All a slide rule does is add or subtract two numbers (imagine putting 2 yard sticks end-to-end). Depending on how large and finely calibrated it is, you may only be able to accurately read 2 or 3 digits if all you want to do is add real numbers. Its real power comes when you change the scale to one where the numbers are not equally spaced from 1 to 10. The basic logarithmic scale allows you to multiply (or divide) by adding powers of 10. Other basic scales compute squares and cubes or their roots and trigonometric functions. Specialty slide rules can help calculate anything from an airplane's crosswind correction to astronomical events. In an earlier life my industry regularly used a slide rule to calculate the enlargement or reduction of pictures to fit a printed layout. It was designed to be accessible to people who had barely any facility with numbers.
I still have some good linear slide rules including my father's precision (for the time) rule (boxwood?) from the 1950s. I also have the aluminum Pickett that I won for some obscure "best something student" award at high school graduation and got me through freshman and sophomore chemistry and physics. (search "slide rule image" for some idea of the varieties and detail) (note 2)

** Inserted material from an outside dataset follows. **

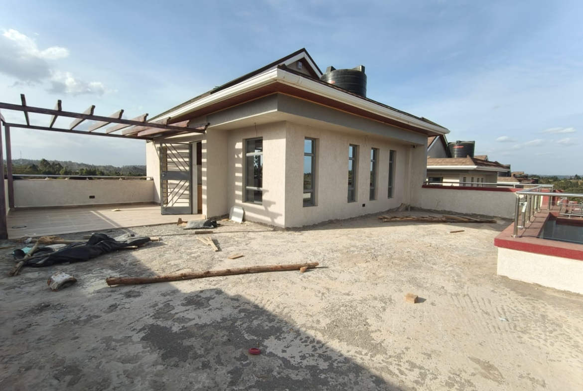 This is a spacious 5-bedroom maisonette sitting on a full โ -acre plot in the Karai area of Kikuyu, located within a secure gated community in a good residential neighborhood. The home is well-designed for comfortable family living, with generous indoor spaces and scenic views.
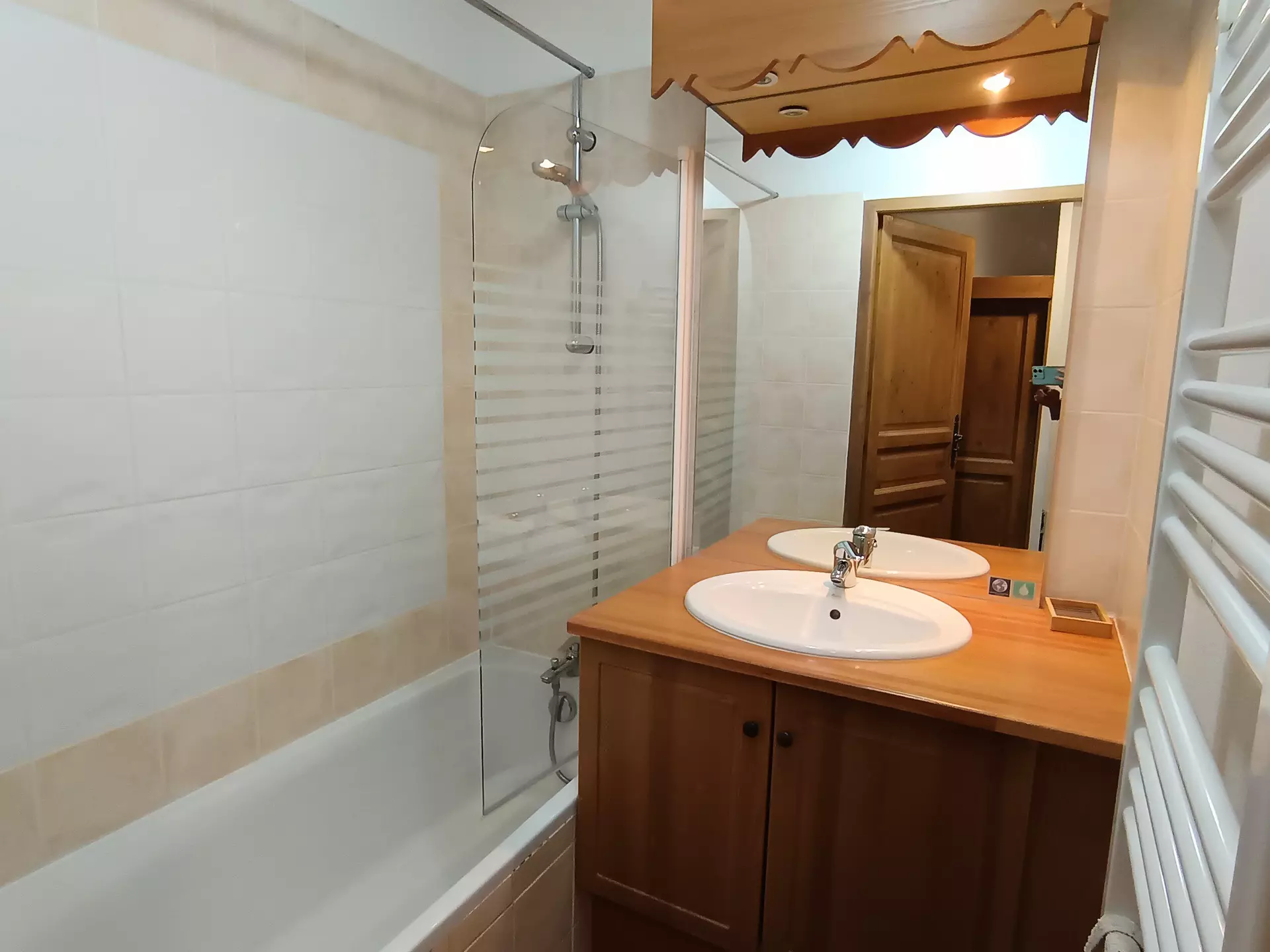 1 bathroom: Bathtub with shower screen, vanity unit with sink, wall-mounted electric towel dryer, large mirror

Long after calculators were a $3 commodity I was taking a friend to lunch and he asked if I still had a slide rule somewhere in storage. He tutored at a disadvantaged elementary school and wanted to show the kids what it was like in "prehistoric times." I reached in the glove compartment and handed it to him. I carried it to calculate my gas mileage - my first (about age 10) and last (late 1990s) regular use of a slide rule. (note 3)
When I took an advanced physics class (in 1973) that required adding and subtracting 8 decimal places, I bought a digital calculator. It cost $100, was big as a dictionary, and had to be plugged into the wall; but it could do four functions on up to 12 digits. First my classmates laughed at me for carrying that thing to class and moving to a seat by an outlet. Then they started sitting around me and borrowing it during class. (note 4)
Notes:
(1) Thanks to Bill Amend for my Sunday morning chuckle. All rights reserved to the holder. Click image for complete original.
(2) I was about to pull out my collection and camera - but the internet has everything. All rights reserved to the holder.
(3) When I started driving long trips alone with no radio or music player, I would calculate my mileage in my head. Nothing like doing long division to multiple decimal places in your head to build your concentration. (Do they even teach long division nowadays?) Find my spreadsheet at https://3500calories.info/links_blogger/MPG.xls.
(4) About 2002 I took a statistics class. While the course was taught with the graphing calculator most traditional students had used since high school; I wanted to get my results off a computer because that was the method I'd have to support at work. I brought my computer into class and performed all the exercises twice - on the calculator and on the computer.